#### [Data below]
== == ==

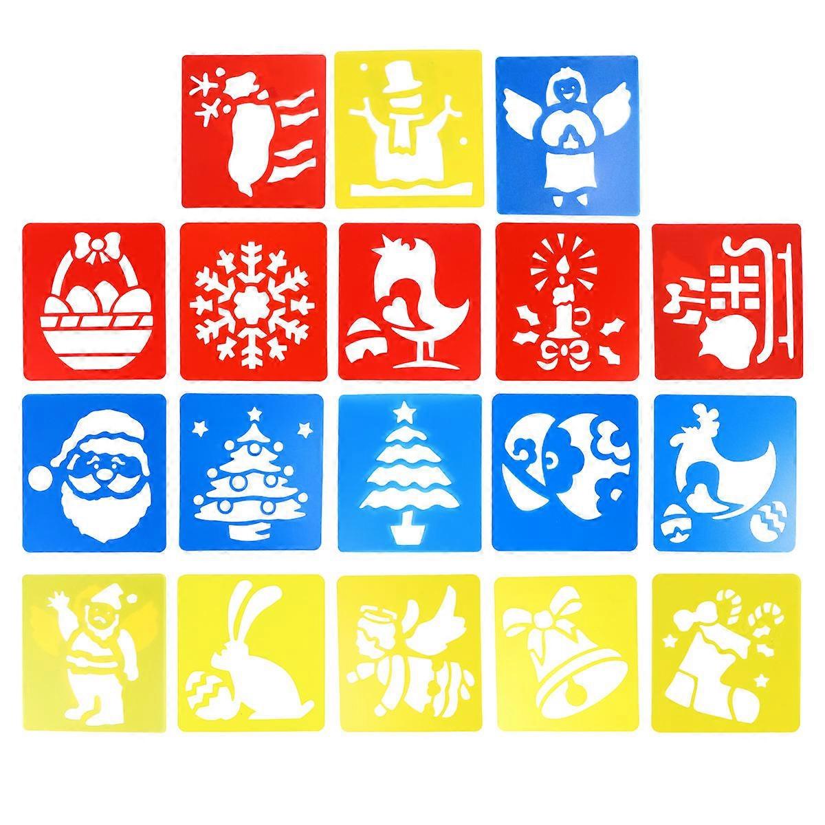 Seasonal Painting Stencils Christmas Decoration Drawing Aid Square Assorted Color 18Pcs
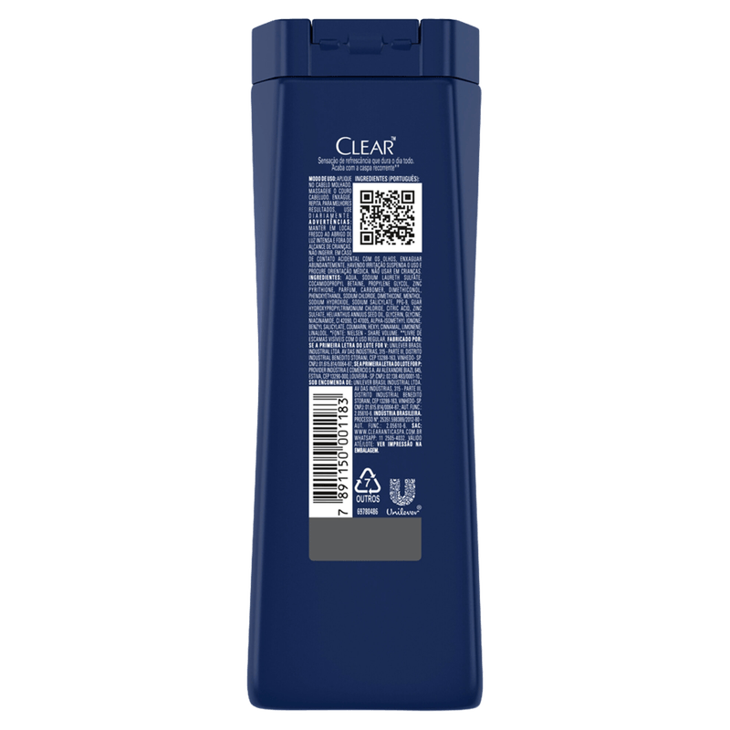 O Shampoo Anticaspa Clear Men Ice Cool Menthol, foi desenvolvido para homens, porque o couro cabeludo do homem está propenso a caspa. Formulado com Bio Booster, a nova tecnologia inteligente que ajuda a ativar a proteção natural do couro cabeludo e acaba com a caspa recorrente*. Este shampoo anticaspa com mentol refrescante, deixa o couro cabeludo com sensação de refrescância que dura o dia todo. O shampoo Ice Cool Menthol é indicado para homens com o couro cabeludo oleoso e irritado. Ele protege o couro cabeludo, nutrindo-o, além de proporcionar uma sensação intensa de refrescância e remoção da oleosidade, para um visual perfeito. Aplique no cabelo molhado, massageie o couro cabeludo e enxágue. Repita. Para melhores resultados, use diariamente. Quanto mais se esforça, mais seu corpo irá protestar. O suor e a umidade em um dia intenso ou após a prática de esportes, podem deixar você com um couro cabeludo com coceira, o que possivelmente ajudará no aparecimento da caspa. Em Clear Men, queremos inspirar as pessoas a mostrar ao mundo do que são feitas, ajudando-as a se tornarem resilientes, eliminando ansiedades e dúvidas. Que tenham a confiança para dar o seu melhor! Por isso, os Shampoos Clear foram desenvolvidos para fortalecer o couro cabeludo e acabar de vez com a caspa, além de proporcionar uma sensação refrescante que dura o dia todo. Clear, nada a esconder! *livre de escamas visíveis com o uso regular.
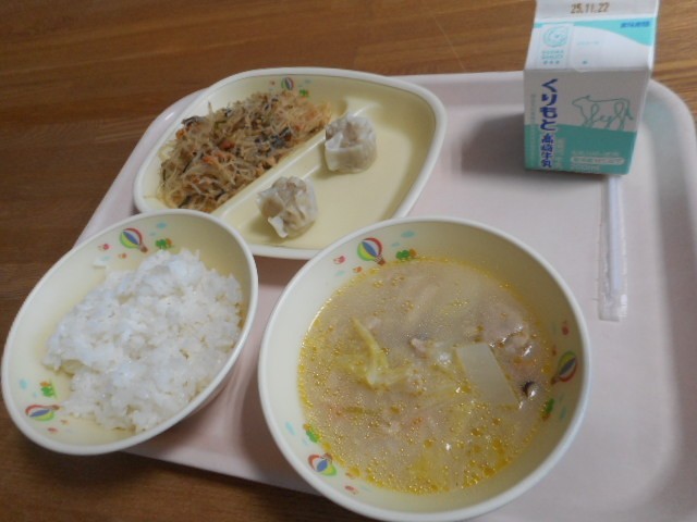 ごはん、牛乳、上州しゅうまい、マーボー春雨、コムタンスープ

== == ==

#### [About this exercise]
Exact copy, no images: rewrite the entire listing above.

#### [Expected answer]
 Seasonal Painting Stencils Christmas Decoration Drawing Aid Square Assorted Color 18Pcs
 O Shampoo Anticaspa Clear Men Ice Cool Menthol, foi desenvolvido para homens, porque o couro cabeludo do homem está propenso a caspa. Formulado com Bio Booster, a nova tecnologia inteligente que ajuda a ativar a proteção natural do couro cabeludo e acaba com a caspa recorrente*. Este shampoo anticaspa com mentol refrescante, deixa o couro cabeludo com sensação de refrescância que dura o dia todo. O shampoo Ice Cool Menthol é indicado para homens com o couro cabeludo oleoso e irritado. Ele protege o couro cabeludo, nutrindo-o, além de proporcionar uma sensação intensa de refrescância e remoção da oleosidade, para um visual perfeito. Aplique no cabelo molhado, massageie o couro cabeludo e enxágue. Repita. Para melhores resultados, use diariamente. Quanto mais se esforça, mais seu corpo irá protestar. O suor e a umidade em um dia intenso ou após a prática de esportes, podem deixar você com um couro cabeludo com coceira, o que possivelmente ajudará no aparecimento da caspa. Em Clear Men, queremos inspirar as pessoas a mostrar ao mundo do que são feitas, ajudando-as a se tornarem resilientes, eliminando ansiedades e dúvidas. Que tenham a confiança para dar o seu melhor! Por isso, os Shampoos Clear foram desenvolvidos para fortalecer o couro cabeludo e acabar de vez com a caspa, além de proporcionar uma sensação refrescante que dura o dia todo. Clear, nada a esconder! *livre de escamas visíveis com o uso regular.
 ごはん、牛乳、上州しゅうまい、マーボー春雨、コムタンスープ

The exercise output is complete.